Step 3: Look at the Face Earlier in the Downswing
This is the key. Check the clubface at two points:
- Shaft parallel in the downswing
- Just before impact
Ask yourself whether the face still appears to be pointing well to the right of the target line late in the downswing. If it does, and if it only gets squared right at the bottom, you likely have the same basic pattern.
You are not looking for a perfect “tour” position. You are looking for whether the face is organized early enough that you do not need a frantic closing move at the last instant.
Step 4: Compare Driver and Iron
This is one of the best checks you can make. Film both clubs and compare the same checkpoints.
- Does the iron face look slightly more closed earlier?
- Does the driver face appear to lag open longer?
- Do your iron shots feel easier to start on line than your drives?
If so, you may not have two different swings. You may simply have a driver-biased face-control issue that shows up because the longer club is less forgiving of late timing.
Step 5: Match the Video to Your Miss Pattern
Your ball flight should support what you see on video.
This pattern often shows up as:
- Pushes
- Push-fades
- Occasional snap hooks when you over-close the face
- Good shots mixed with big directional misses
If that sounds familiar, late face rotation is a strong suspect.
What to Work On
The goal is not to manipulate the face at the last second more effectively. The goal is to get the face in a better position sooner so impact requires less timing.
Organize the Face Earlier
Your first priority is to feel the clubface becoming more square earlier in the downswing.
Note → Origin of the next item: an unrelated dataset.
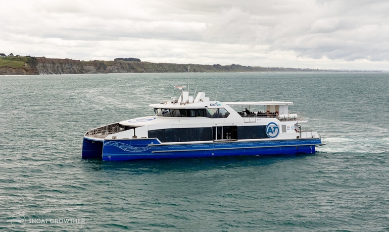 High-speedAuckland city’s first plug-in hybrid electric fast ferry has completed sea trials and will soon enter service on the busy Auckland to Devonport commuter route. The vessel achieved a top speed of 36 knots on all-electric mode, surpassing expectations. Designed by Incat Crowther, built by Q-West Boat Builders with systems integration by Hamilton Jet, the operationally flexible 32-metre vessel is the first in a fleet of two new electric hybrid fast ferries that will be operated by Fullers360 for Auckland Transport.

For many players, that means the face should look less “held open” by the time the shaft is parallel to the ground on the way down.
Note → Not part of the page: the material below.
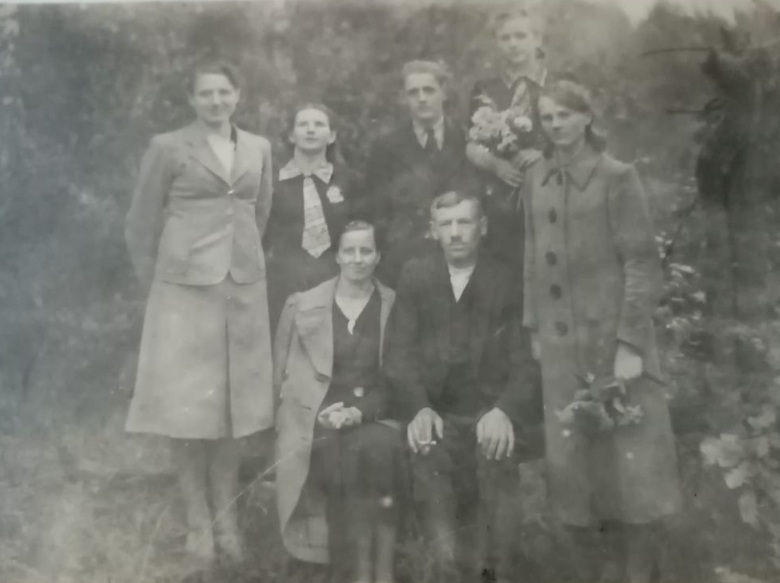 Fotografia z lat 30-tych ukazująca uczestników bliżej nieokreślonej uroczystości. Wśród nich, Antoni Dudek (prawy górny róg), jego córka Helena (czwarta od lewej w pierwszym rzędzie) oraz znajdujący się za nią syn Józef. Przypuszczalnie, w prawym dolnym rogu widoczna Stanisława Pawełczyk – córka gajowego Franciszka Pawełczyka (Źr. foto – zbiory rodzinne p. Darii Laubscher)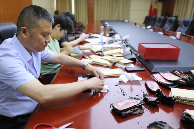 “稍一用力纸币就成碎末,必须软化剥离。”人行货币金银科专家介绍。面对剩余碳化严重、粘连成块的残损纸币,人行亳州市分行与农行亳州分行7名工作人员,兵分两路开展攻坚:一组对分散残币进行手工剥离、逐张鉴别、分类封装;另一组针对板结粘连的碳化币进行完整性鉴定,经过连续数小时奋战,最终成功清点兑换残币约79万元,兑换率超80%,最大限度挽回了客户损失。

If the face is already closer to square earlier, you do not need a violent hand roll near impact to save the shot.
Blend Your Driver and Iron Patterns More Carefully
Some golfers have an iron swing that naturally suits a slightly earlier face closure, then switch into a different release pattern with the driver. If that sounds like you, work on making your driver delivery feel more like an extension of your stock swing rather than a completely separate motion.
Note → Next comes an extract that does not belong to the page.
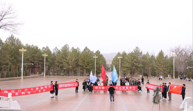 4月9日,为进一步弘扬优良传统,传承革命精神,鼓励学生积极参加志愿服务,教育引导广大学生党员坚定信念、奋勇担当,不断继承和发扬革命先辈不畏艰难、勇于献身、敢闯敢干、敢为人先的伟大革命精神,在地理科学与旅游学院党委的精心组织下,本科生第一党支部、第二党支部、研究生第二党支部共同与学校“胡杨先锋班”成员徒步12公里至乌鲁木齐市革命烈士陵园开展了“照天烧——忆先烈”志愿服务行活动。

That does not mean you should hit driver exactly like an iron. It means you should be careful not to create a driver swing that leaves the face hanging open too long.
Pay Attention to Tempo
If you tend to lash at the driver, try rehearsing swings with a little more rhythm. Often the clubface will organize better when the motion is not so rushed. Again, this is not about losing speed. It is about sequencing the motion so the face is not trailing behind your pivot.
Use Video to Track Face Position, Not Just Ball Flight
Ball flight alone can be misleading because good timing can temporarily hide a flawed pattern. Video lets you see whether the face is improving earlier in the downswing, which is the real objective.
As you practice, monitor these checkpoints:
- Is the face less open at shaft parallel in the downswing?
- Is it pointing closer to the ball or target line approaching impact?
- Do you feel less need to “flip” or roll the club to square it?
Focus on Predictability, Not Perfection
The biggest issue with this pattern is not that every shot is bad. It is that the face relies on precise timing, which makes the misses larger and less predictable. Your goal is to reduce that variability.
If you can get the face more stable earlier in the downswing, the driver starts behaving more like a club you can trust rather than one you have to rescue. That is the real lesson here. Tiger’s pattern is a reminder that even great ball strikers can fight the driver when the clubface stays open too late. And if that pattern is in your swing, the driver will usually be the first club to expose it.